[The data Boundary: Start]
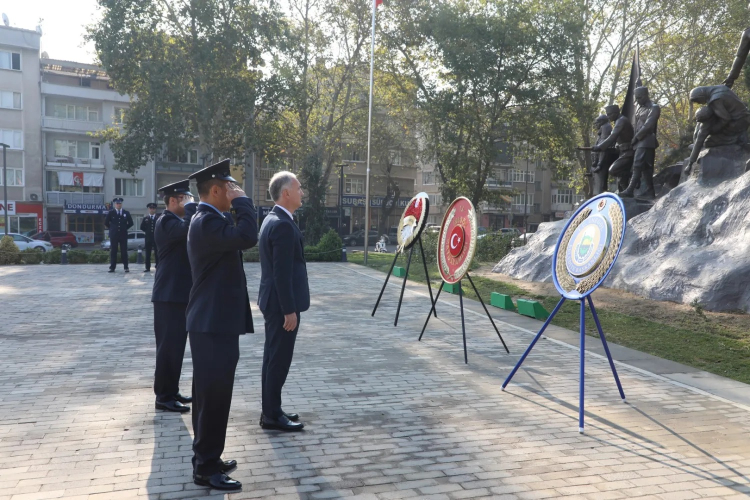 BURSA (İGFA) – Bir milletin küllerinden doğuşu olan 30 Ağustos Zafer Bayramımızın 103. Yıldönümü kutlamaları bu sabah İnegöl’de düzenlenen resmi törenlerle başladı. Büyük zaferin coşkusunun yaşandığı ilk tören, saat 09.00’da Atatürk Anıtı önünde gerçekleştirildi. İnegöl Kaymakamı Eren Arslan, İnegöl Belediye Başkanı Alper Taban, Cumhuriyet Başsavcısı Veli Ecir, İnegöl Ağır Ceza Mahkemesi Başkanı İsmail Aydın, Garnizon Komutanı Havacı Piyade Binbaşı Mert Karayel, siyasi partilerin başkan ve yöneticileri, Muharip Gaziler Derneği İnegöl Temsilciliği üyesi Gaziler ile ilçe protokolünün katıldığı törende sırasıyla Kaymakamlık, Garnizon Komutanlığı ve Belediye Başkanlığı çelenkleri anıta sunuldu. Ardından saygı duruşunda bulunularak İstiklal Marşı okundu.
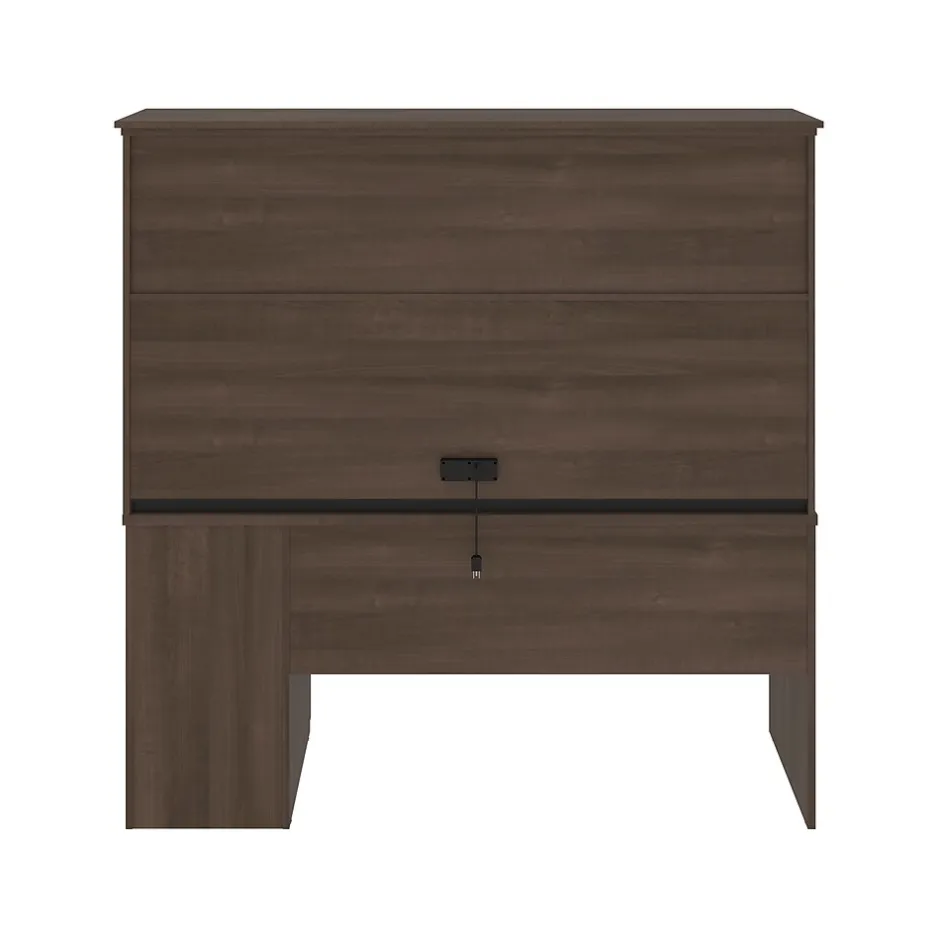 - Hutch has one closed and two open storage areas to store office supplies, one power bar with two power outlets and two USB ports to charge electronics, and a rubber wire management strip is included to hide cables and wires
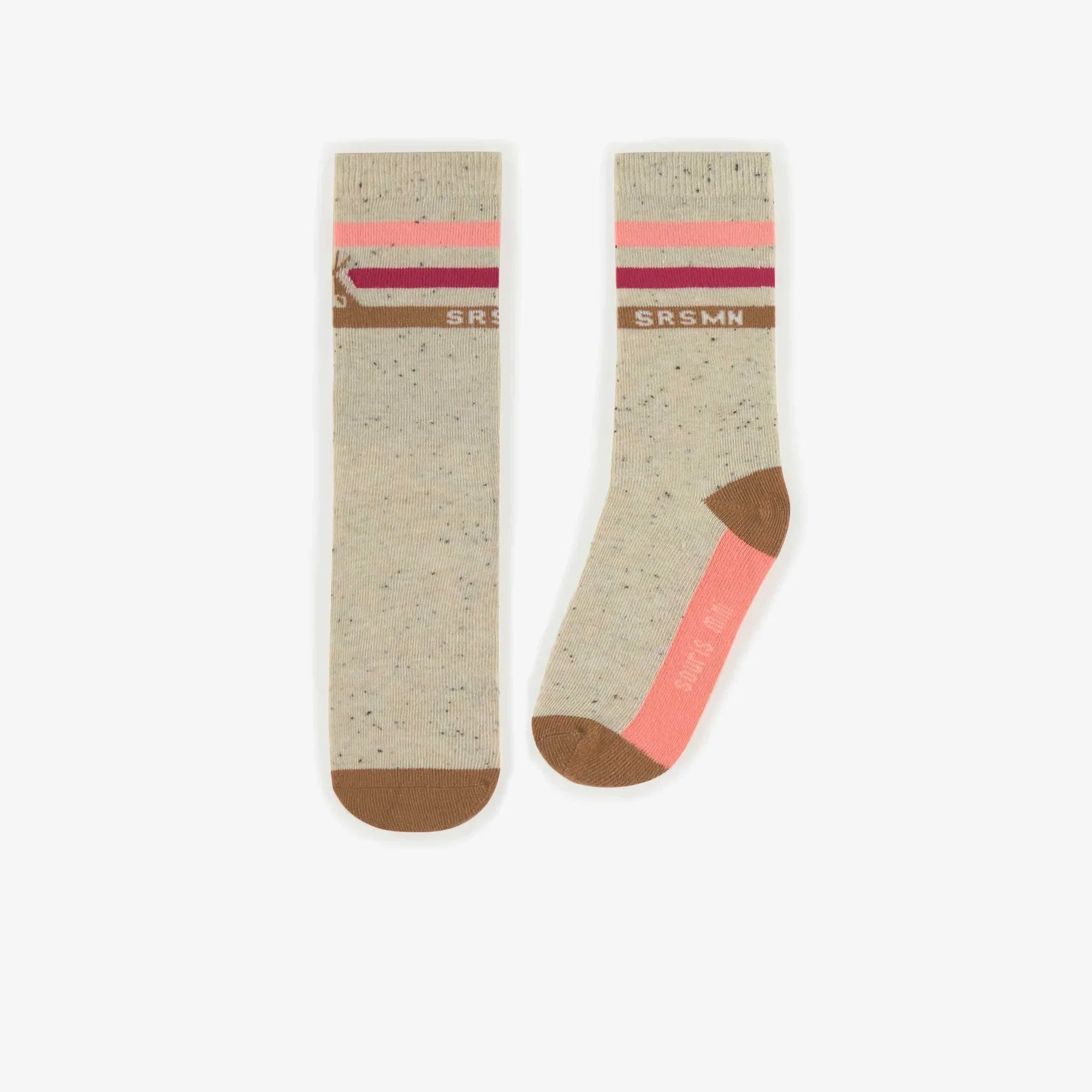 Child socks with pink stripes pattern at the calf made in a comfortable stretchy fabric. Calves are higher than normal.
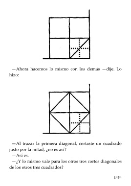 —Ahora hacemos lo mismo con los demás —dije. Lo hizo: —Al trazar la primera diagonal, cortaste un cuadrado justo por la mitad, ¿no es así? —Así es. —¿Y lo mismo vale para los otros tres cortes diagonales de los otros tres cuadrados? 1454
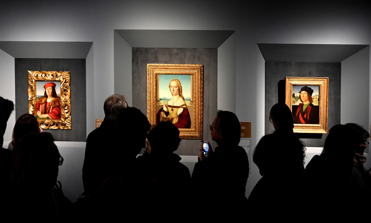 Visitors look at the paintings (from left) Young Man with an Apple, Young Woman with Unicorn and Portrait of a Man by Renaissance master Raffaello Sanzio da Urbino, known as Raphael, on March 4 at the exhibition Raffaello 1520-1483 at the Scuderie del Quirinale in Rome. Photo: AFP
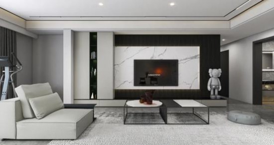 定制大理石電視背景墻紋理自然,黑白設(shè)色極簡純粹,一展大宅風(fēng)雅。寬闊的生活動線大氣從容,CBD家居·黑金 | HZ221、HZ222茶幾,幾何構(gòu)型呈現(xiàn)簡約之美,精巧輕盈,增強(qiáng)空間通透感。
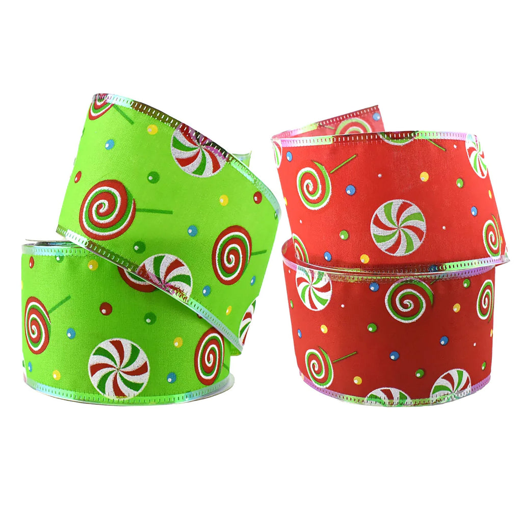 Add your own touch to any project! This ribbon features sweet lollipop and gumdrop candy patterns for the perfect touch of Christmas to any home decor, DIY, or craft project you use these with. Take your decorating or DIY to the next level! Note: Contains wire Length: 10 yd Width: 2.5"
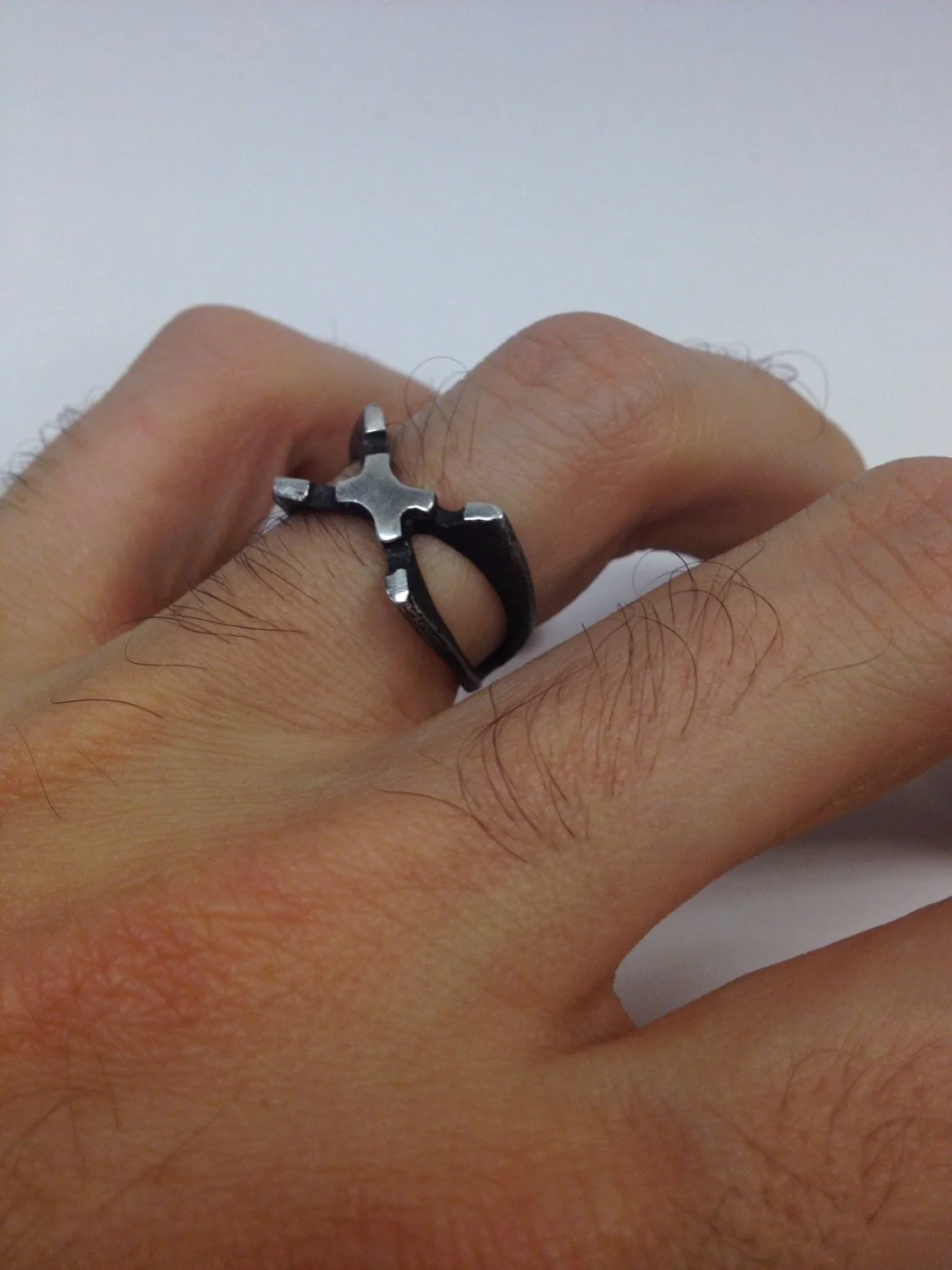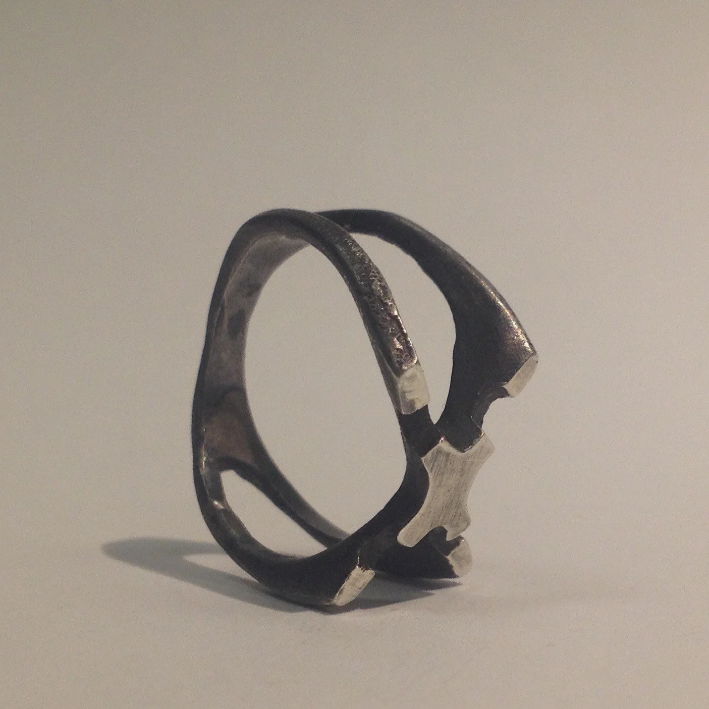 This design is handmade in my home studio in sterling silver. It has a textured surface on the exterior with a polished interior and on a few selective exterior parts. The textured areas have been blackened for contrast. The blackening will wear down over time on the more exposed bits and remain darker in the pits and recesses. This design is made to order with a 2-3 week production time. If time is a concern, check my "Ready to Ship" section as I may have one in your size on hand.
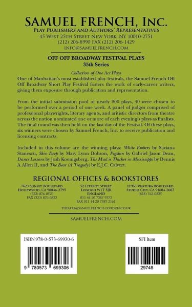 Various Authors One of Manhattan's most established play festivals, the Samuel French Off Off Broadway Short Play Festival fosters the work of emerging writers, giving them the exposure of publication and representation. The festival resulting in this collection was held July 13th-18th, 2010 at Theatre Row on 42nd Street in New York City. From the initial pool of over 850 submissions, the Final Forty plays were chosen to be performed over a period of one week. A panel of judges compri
[The data Boundary: End]
About this exercise
Would you return the data exactly as written, without the pictures?

Response to this exercise
 BURSA (İGFA) – Bir milletin küllerinden doğuşu olan 30 Ağustos Zafer Bayramımızın 103. Yıldönümü kutlamaları bu sabah İnegöl’de düzenlenen resmi törenlerle başladı. Büyük zaferin coşkusunun yaşandığı ilk tören, saat 09.00’da Atatürk Anıtı önünde gerçekleştirildi. İnegöl Kaymakamı Eren Arslan, İnegöl Belediye Başkanı Alper Taban, Cumhuriyet Başsavcısı Veli Ecir, İnegöl Ağır Ceza Mahkemesi Başkanı İsmail Aydın, Garnizon Komutanı Havacı Piyade Binbaşı Mert Karayel, siyasi partilerin başkan ve yöneticileri, Muharip Gaziler Derneği İnegöl Temsilciliği üyesi Gaziler ile ilçe protokolünün katıldığı törende sırasıyla Kaymakamlık, Garnizon Komutanlığı ve Belediye Başkanlığı çelenkleri anıta sunuldu. Ardından saygı duruşunda bulunularak İstiklal Marşı okundu.
 - Hutch has one closed and two open storage areas to store office supplies, one power bar with two power outlets and two USB ports to charge electronics, and a rubber wire management strip is included to hide cables and wires
 Child socks with pink stripes pattern at the calf made in a comfortable stretchy fabric. Calves are higher than normal.
 —Ahora hacemos lo mismo con los demás —dije. Lo hizo: —Al trazar la primera diagonal, cortaste un cuadrado justo por la mitad, ¿no es así? —Así es. —¿Y lo mismo vale para los otros tres cortes diagonales de los otros tres cuadrados? 1454
 Visitors look at the paintings (from left) Young Man with an Apple, Young Woman with Unicorn and Portrait of a Man by Renaissance master Raffaello Sanzio da Urbino, known as Raphael, on March 4 at the exhibition Raffaello 1520-1483 at the Scuderie del Quirinale in Rome. Photo: AFP
 定制大理石電視背景墻紋理自然,黑白設(shè)色極簡純粹,一展大宅風(fēng)雅。寬闊的生活動線大氣從容,CBD家居·黑金 | HZ221、HZ222茶幾,幾何構(gòu)型呈現(xiàn)簡約之美,精巧輕盈,增強(qiáng)空間通透感。
 Add your own touch to any project! This ribbon features sweet lollipop and gumdrop candy patterns for the perfect touch of Christmas to any home decor, DIY, or craft project you use these with. Take your decorating or DIY to the next level! Note: Contains wire Length: 10 yd Width: 2.5"
 This design is handmade in my home studio in sterling silver. It has a textured surface on the exterior with a polished interior and on a few selective exterior parts. The textured areas have been blackened for contrast. The blackening will wear down over time on the more exposed bits and remain darker in the pits and recesses. This design is made to order with a 2-3 week production time. If time is a concern, check my "Ready to Ship" section as I may have one in your size on hand.
 Various Authors One of Manhattan's most established play festivals, the Samuel French Off Off Broadway Short Play Festival fosters the work of emerging writers, giving them the exposure of publication and representation. The festival resulting in this collection was held July 13th-18th, 2010 at Theatre Row on 42nd Street in New York City. From the initial pool of over 850 submissions, the Final Forty plays were chosen to be performed over a period of one week. A panel of judges compri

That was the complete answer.